* **TASK**
Could you copy exactly the lines below from the one with "38 foot go fast" to the one with "Hair Band with Bow Unbadged", inclusive, leaving out any pictures?
********************
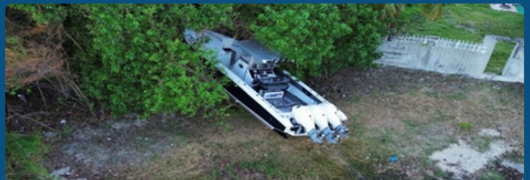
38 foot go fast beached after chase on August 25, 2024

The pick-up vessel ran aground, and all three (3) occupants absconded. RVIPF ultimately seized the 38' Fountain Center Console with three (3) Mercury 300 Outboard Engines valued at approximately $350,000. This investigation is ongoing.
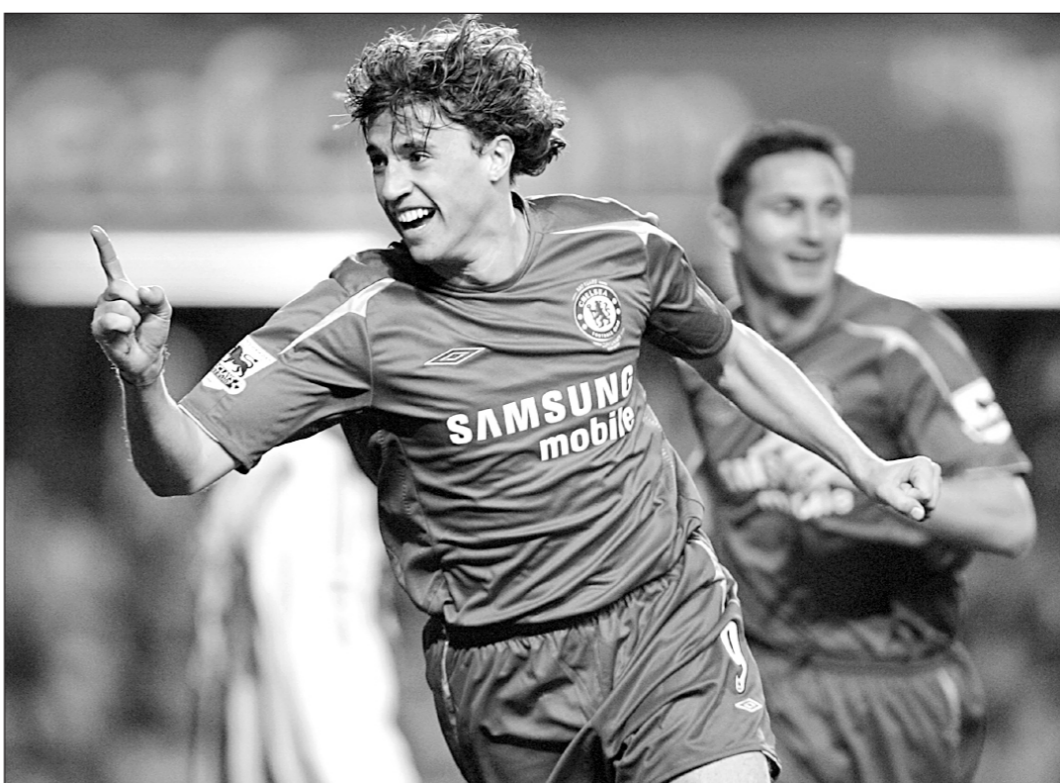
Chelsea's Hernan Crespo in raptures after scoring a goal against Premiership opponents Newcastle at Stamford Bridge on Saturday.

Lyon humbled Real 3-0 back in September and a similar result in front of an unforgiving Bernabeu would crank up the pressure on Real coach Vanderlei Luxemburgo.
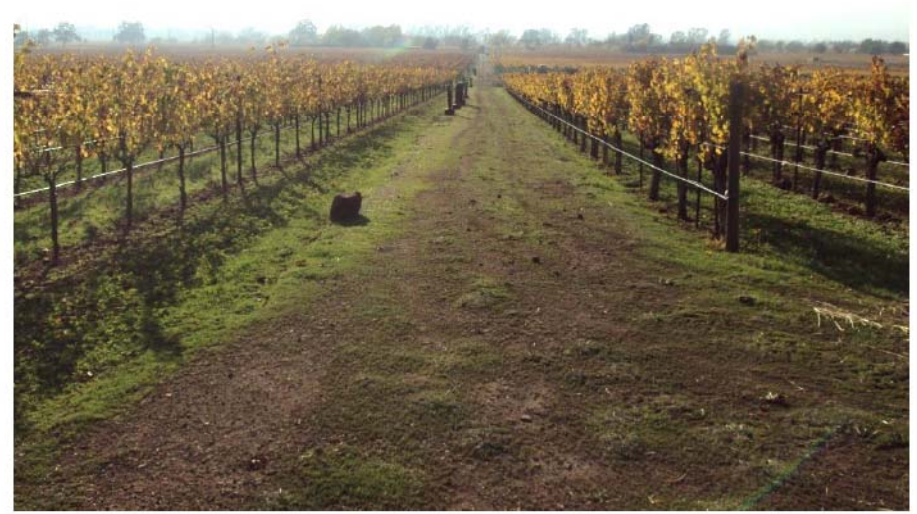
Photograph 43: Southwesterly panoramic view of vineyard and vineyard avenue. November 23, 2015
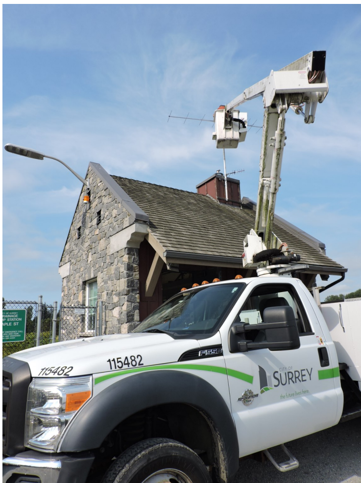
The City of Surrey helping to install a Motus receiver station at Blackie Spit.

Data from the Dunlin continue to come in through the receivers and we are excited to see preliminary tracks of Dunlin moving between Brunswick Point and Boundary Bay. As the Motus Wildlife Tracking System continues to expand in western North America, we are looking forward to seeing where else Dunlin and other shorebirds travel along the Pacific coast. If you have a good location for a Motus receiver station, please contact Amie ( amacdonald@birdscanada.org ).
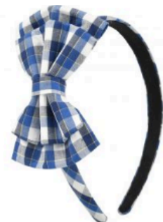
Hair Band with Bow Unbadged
********************
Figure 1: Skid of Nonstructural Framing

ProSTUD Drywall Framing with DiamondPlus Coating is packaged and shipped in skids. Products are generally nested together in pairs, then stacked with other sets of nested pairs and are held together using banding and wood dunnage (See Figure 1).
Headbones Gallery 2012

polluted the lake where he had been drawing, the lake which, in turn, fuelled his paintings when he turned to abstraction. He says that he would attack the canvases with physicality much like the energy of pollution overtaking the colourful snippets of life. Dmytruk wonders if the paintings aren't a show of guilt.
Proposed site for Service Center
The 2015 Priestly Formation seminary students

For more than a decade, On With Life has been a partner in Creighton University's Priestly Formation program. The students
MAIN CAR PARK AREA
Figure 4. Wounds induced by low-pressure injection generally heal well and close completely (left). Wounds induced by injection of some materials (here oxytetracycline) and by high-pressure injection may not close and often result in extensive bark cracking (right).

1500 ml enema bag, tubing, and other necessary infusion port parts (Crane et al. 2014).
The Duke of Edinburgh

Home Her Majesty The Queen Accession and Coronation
********************
* **OUTPUT OF THE TASK**
38 foot go fast beached after chase on August 25, 2024

The pick-up vessel ran aground, and all three (3) occupants absconded. RVIPF ultimately seized the 38' Fountain Center Console with three (3) Mercury 300 Outboard Engines valued at approximately $350,000. This investigation is ongoing.
Chelsea's Hernan Crespo in raptures after scoring a goal against Premiership opponents Newcastle at Stamford Bridge on Saturday.

Lyon humbled Real 3-0 back in September and a similar result in front of an unforgiving Bernabeu would crank up the pressure on Real coach Vanderlei Luxemburgo.
Photograph 43: Southwesterly panoramic view of vineyard and vineyard avenue. November 23, 2015
The City of Surrey helping to install a Motus receiver station at Blackie Spit.

Data from the Dunlin continue to come in through the receivers and we are excited to see preliminary tracks of Dunlin moving between Brunswick Point and Boundary Bay. As the Motus Wildlife Tracking System continues to expand in western North America, we are looking forward to seeing where else Dunlin and other shorebirds travel along the Pacific coast. If you have a good location for a Motus receiver station, please contact Amie ( amacdonald@birdscanada.org ).
Hair Band with Bow Unbadged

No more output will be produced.